- Other names: Haemorrhagic disease of the newborn
- Vitamin K_{1}
- Specialty: Pediatrics
- Symptoms: Bleeding
- Usual onset: Birth to 2 months of age
- Types: Early, classical, late
- Causes: Vitamin K deficiency
- Prevention: Vitamin K supplementation after birth

= Vitamin K deficiency bleeding =

Vitamin K deficiency bleeding (VKDB) of the newborn, previously known as haemorrhagic disease of the newborn, is a rare form of bleeding disorder that affects newborns and young infants due to low stores of vitamin K at birth. It commonly presents with intracranial haemorrhage with the risk of brain damage or death.

Newborn infants have low stores of vitamin K, and human breast milk has little Vitamin K. This combination can lead to vitamin K deficiency and later onset bleeding. Vitamin K deficiency leads to the risk of blood coagulation problems due to impaired production of clotting factors II, VII, IX, X, protein C, and protein S by the liver. More rarely, VKDB can be caused by maternal medications that cause vitamin K deficiency in the newborn.

VKDB can be prevented by supplementing vitamin K, typically given shortly after birth by intramuscular injection. Most national health organisations recommend routine vitamin K supplementation after birth. Widespread use of this has made this a rare disease.

==Classification==
VKDB is classified as early, classical, or late depending on when it first starts, with each having somewhat different types of bleeding and underlying cause:

Classification of vitamin K deficiency in the newborn (VKDB)
| Syndrome | Time of onset | Common sites of bleeding | Potential causes |
|---|---|---|---|
| Early | First 24 hours | Scalp, skin, brain, chest, abdomen | Maternal medications |
| Classical | 1–7 days | Gut, umbilicus, skin, nose, circumcision | Idiopathic, breastfeeding |
| Late | After day 8 | Brain, skin, gut | Idiopathic, breastfeeding, cholestasis |

==Signs and symptoms==
VKDB presents typically in the first month of life with bleeding, which can be from various locations. Late onset VKDB presents with bleeding into the brain (intracranial haemorrhage) in more than half of cases.

==Causes==
Newborns are relatively vitamin K deficient for a variety of reasons: They have low vitamin K stores at birth as vitamin K passes the placenta poorly. Levels of vitamin K in human breast milk are low. Gut flora, which in adults produces vitamin K, has not yet developed.
Early VKDB is rare and caused by maternal medications that interact with vitamin K, such as warfarin, phenytoin, or rifampicin. Classical VKDB is more common and caused by the relative deficiency at birth with inadequate vitamin K intake. This is often termed idiopathic, as no one cause is found. Late VKDB presents after day 8 and up to 6 months of age, coinciding with the typical age for exclusive breastfeeding due to the low levels of vitamin K in human breast milk. Many of these infants have poor vitamin K absorption due to cholestasis, which compounds low intake.

==Diagnosis==
Bleeding in an infant without vitamin K supplementation with elevated prothrombin time (PT) that is corrected by vitamin K administration is typically sufficient to make the diagnosis. Confirmation, or investigation of minor deficiency, can be performed by testing proteins produced in the absence of vitamin K, the most established assay being for PIVKA-II.

==Prevention==
Late-onset VKDB is nearly completely prevented by early administration of vitamin K, which is typically given to newborns shortly after birth. The most effective method of administration is by intramuscular injection shortly after birth. It can be given orally in three doses over the first month.
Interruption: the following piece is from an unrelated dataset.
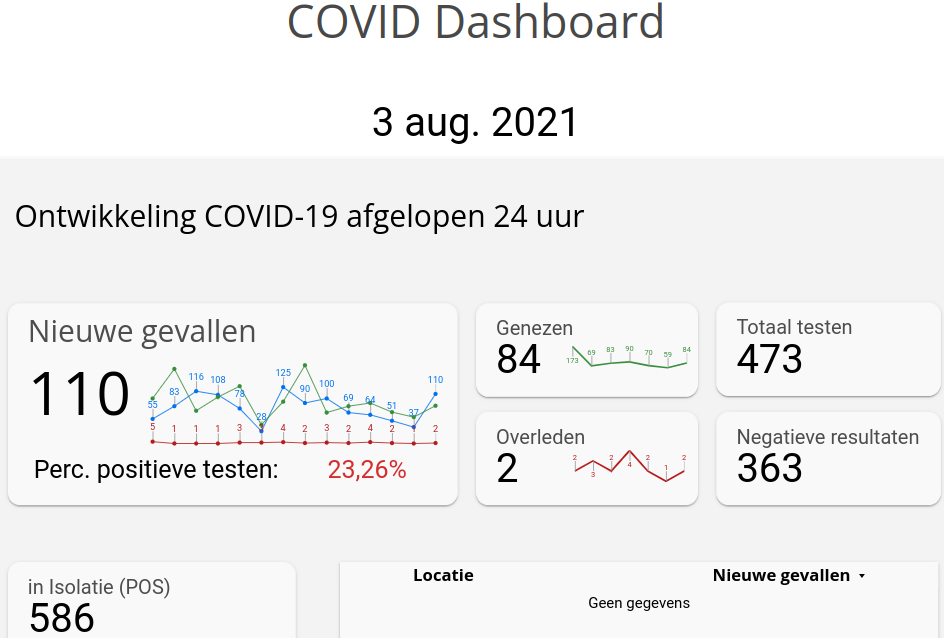 586 Personen bevinden zich dinsdag 3 augustus nog in isolatie.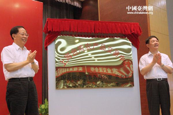 國臺辦副主任葉克冬(右)與農(nóng)業(yè)部副部長危朝安為“上海臺灣農(nóng)產(chǎn)品交易中心”揭牌。(中國臺灣網(wǎng) 邵磌 攝)

It is not possible to reliably distinguish which infants are at high risk of late VKDB, and the potential consequences are high; as such, most national health organisations recommend routine supplementation in the first 24 hours of life.

===Controversy===
Controversy arose in the early 1990s regarding routine supplementation, when two studies suggested a relationship between parenteral administration of vitamin K and childhood cancer. However, both studies have been discredited based on poor methodology and small sample sizes, and a review of the evidence published in 2000 by Ross and Davies found no link between the two.

==Treatment==
Treatment of established bleeding depends on the location but includes administering vitamin K_{1} (phylloquinone; phytomenadione; phytonadione), which rapidly restores the prothrombin time. Severe bleeding may require blood products such as fresh frozen plasma (FFP), a prothrombin complex concentrate (PCC).